Department of Plant Pathology and Crop Physiology, Louisiana Agricultural Experiment Station, Louisiana State University Agricultural Center, Baton Rouge 70803
University of Arkansas, Cooperative Extension Service, P.O. Box 357, Lonoke 72086
Calhoun Research Station, Louisiana Agricultural Experiment Station, Louisiana State University Agricultural Center, Calhoun 71225
Blackberry (Rubus sp.) cane samples (cultivar Navaho) showing disease symptoms were collected from a commercial grower in Texarkana, AR, and sent for diagnosis to the plant disease clinic in Lonoke in June, 1997. Cane symptoms consisted of stem cracking, tissue discoloration beneath the bark, and the presence of an orange, velvetlike growth that was identified as sporangiophores and sporangia of the parasitic green alga Cephaleuros virescens Kunze.

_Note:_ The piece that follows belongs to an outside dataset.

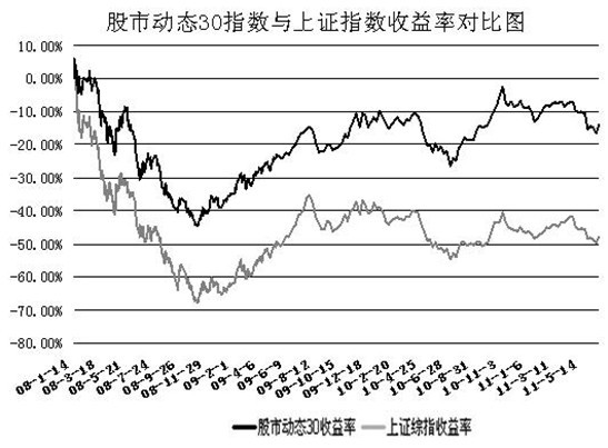 股市動態30指數自2008年1月1日設立以來,下跌13.95%,同期上證指數下跌47.81%。本周股市動態30指數跑輸大盤、股票組合跑贏大盤。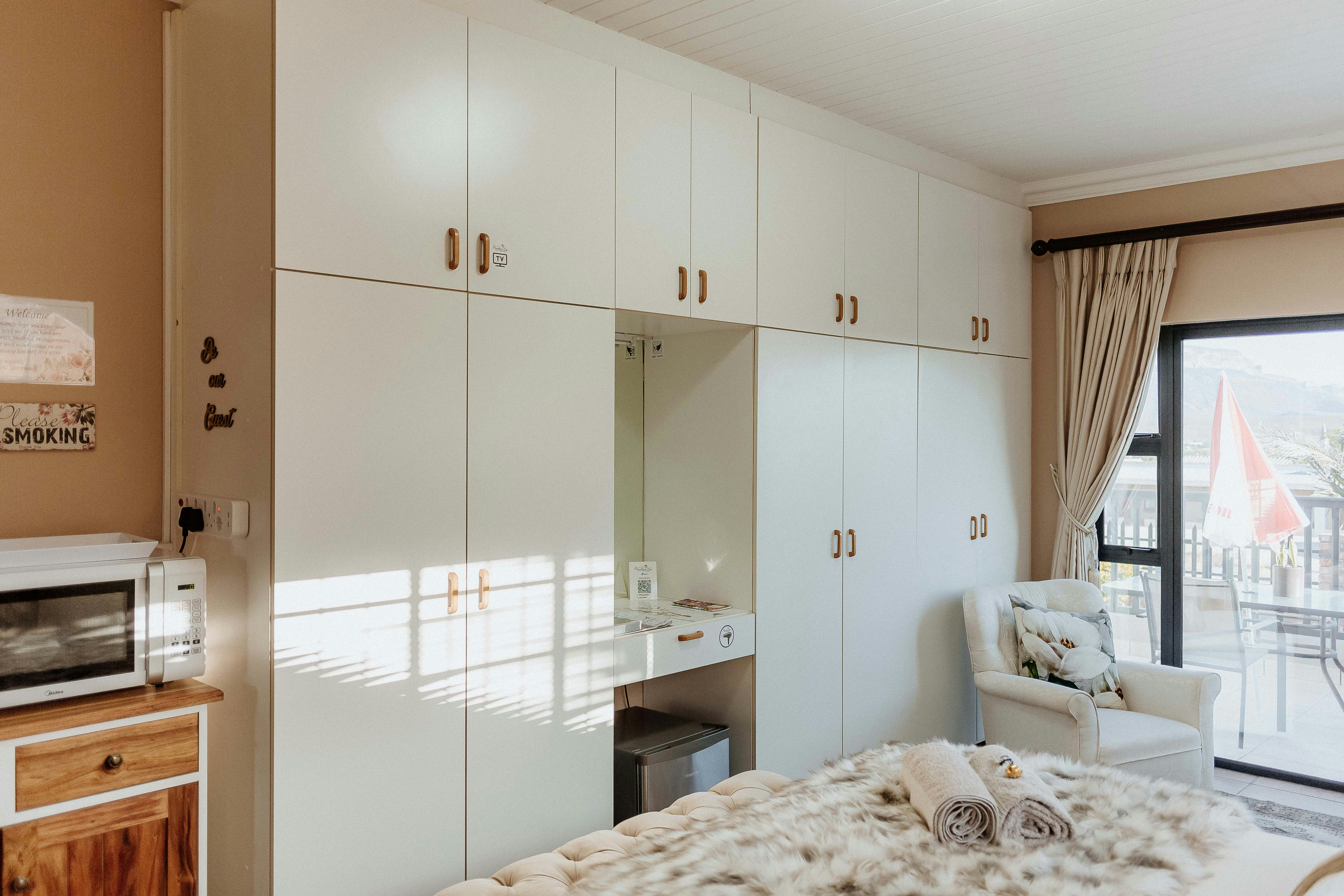 Our Mountain View Lux Suite accommodates 2 guests, this luxurious unit has a private entrance and a patio and is furnished with a queen-size bed. The en-suite bathroom is fitted with a shower and a toilet, and for convenience, linen and bath towels are provided in all units. The kitchenette is equipped with a bar fridge, a microwave, as well as tea- and coffee-making facilities.

Zoospores were released when sporangia were placed in water drops. The alga was isolated from infected canes on potato dextrose agar, but pathogenicity tests were not attempted because pathogenicity has never been demonstrated successfully, nor have zoospores been produced in culture. C. virescens also was found infecting cultivated blackberry at the Louisiana Calhoun Research Station, where it occurred more commonly on thornless than on thorned type cultivars. This parasitic alga occurs commonly along the U.S. Gulf Coast and has been recorded on 287 plant species and cultivars, including 80 that are subject to stem infections (1,2). The occurrence of C. virescens in Arkansas extends its known northernmost range from 32.5°N to 33.5°N in the U.S. This is the first report on the occurrence of C. virescens in Arkansas and the first report of its occurrence on cultivated, commercially grown blackberry.
References: (1) G. E. Holcomb. Plant Dis. 70:1080, 1986. (2) R. B. Marlatt and S. A. Alfieri, Jr. Plant Dis. 65:520, 1981.